● TO DO:
Transcribe, exactly and in full, every record shown below, while omitting its images.

● DATA FOR ANALYSIS:
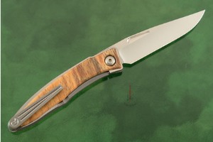 Handle: Spalted beech wood scales inlaid into a 6Al4V titanium frame
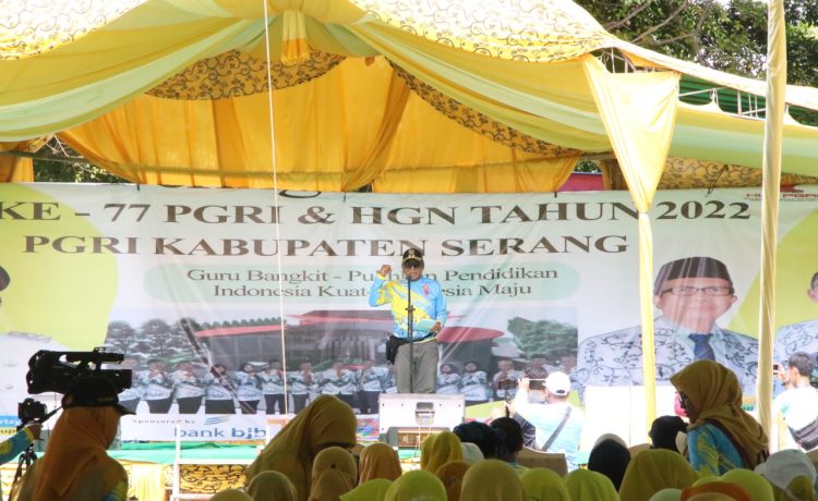 HARITA.ID – Wakil Bupati (Wabup) Serang Pandji Tirtayasa mengungkapkan, dengan digelarnya Peringatan Hari Ulang Tahun (HUT) Persatuan Guru Republik Indonesia (PGRI) dan Hari Guru Nasional (HGN) yang jatuh pada 25 November 2022 merupakan bentuk penghormatan dan penghargaan bagi para guru atau pendidik.
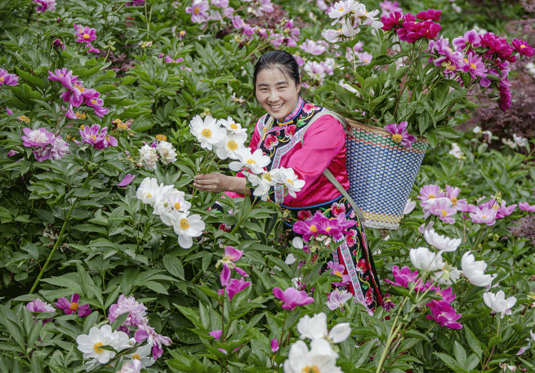 渔子溪村的芍药花海、
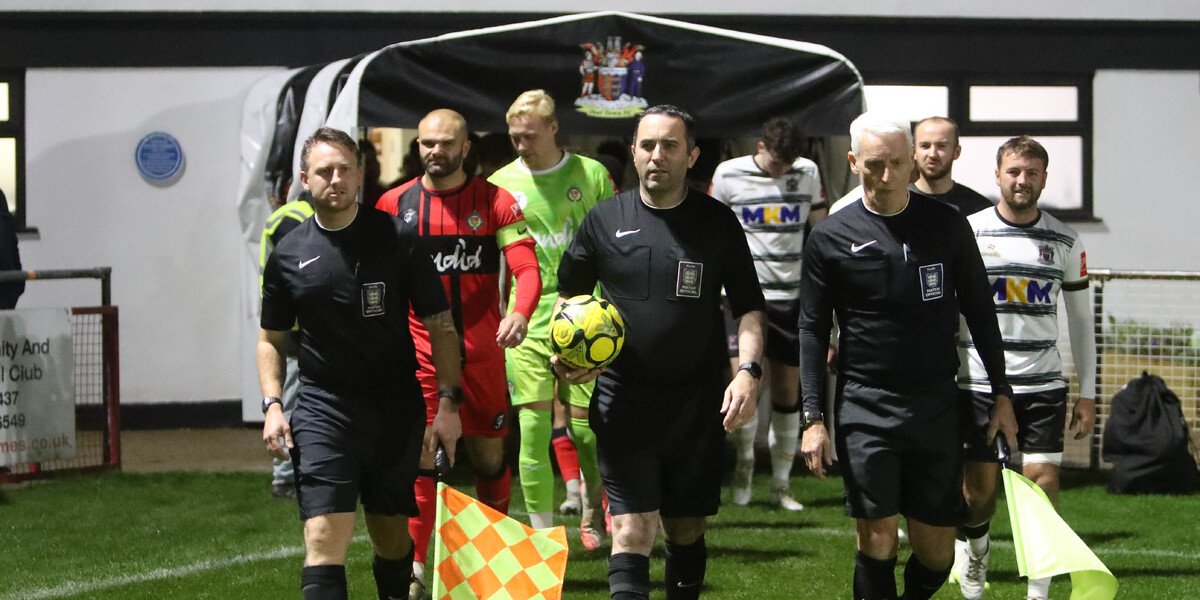 Prior to KO, a minute of silence was impeccably observed in memory of Arthur ‘Tippy’ Prior; it was Ashford United who got the game underway when referee hit the whistle to kick-off. It was less than ten seconds before the referee was using it again; the ball played forward and AU’s Hume penalised for an apparent elbow on Penny. Once parity was restored, it was only a yellow card issued.
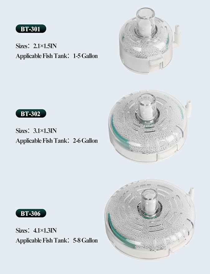 - Compact Design: Round compact design, small size, saving space in the fish tank, compatible with air pump wattage >1W. (Air pump and air tube are not included in the package). Please prepare an air pump suitable for this filter according to your fish tank size

● THE COMPLETED TASK:
 Handle: Spalted beech wood scales inlaid into a 6Al4V titanium frame
 HARITA.ID – Wakil Bupati (Wabup) Serang Pandji Tirtayasa mengungkapkan, dengan digelarnya Peringatan Hari Ulang Tahun (HUT) Persatuan Guru Republik Indonesia (PGRI) dan Hari Guru Nasional (HGN) yang jatuh pada 25 November 2022 merupakan bentuk penghormatan dan penghargaan bagi para guru atau pendidik.
 渔子溪村的芍药花海、
 Prior to KO, a minute of silence was impeccably observed in memory of Arthur ‘Tippy’ Prior; it was Ashford United who got the game underway when referee hit the whistle to kick-off. It was less than ten seconds before the referee was using it again; the ball played forward and AU’s Hume penalised for an apparent elbow on Penny. Once parity was restored, it was only a yellow card issued.
 - Compact Design: Round compact design, small size, saving space in the fish tank, compatible with air pump wattage >1W. (Air pump and air tube are not included in the package). Please prepare an air pump suitable for this filter according to your fish tank size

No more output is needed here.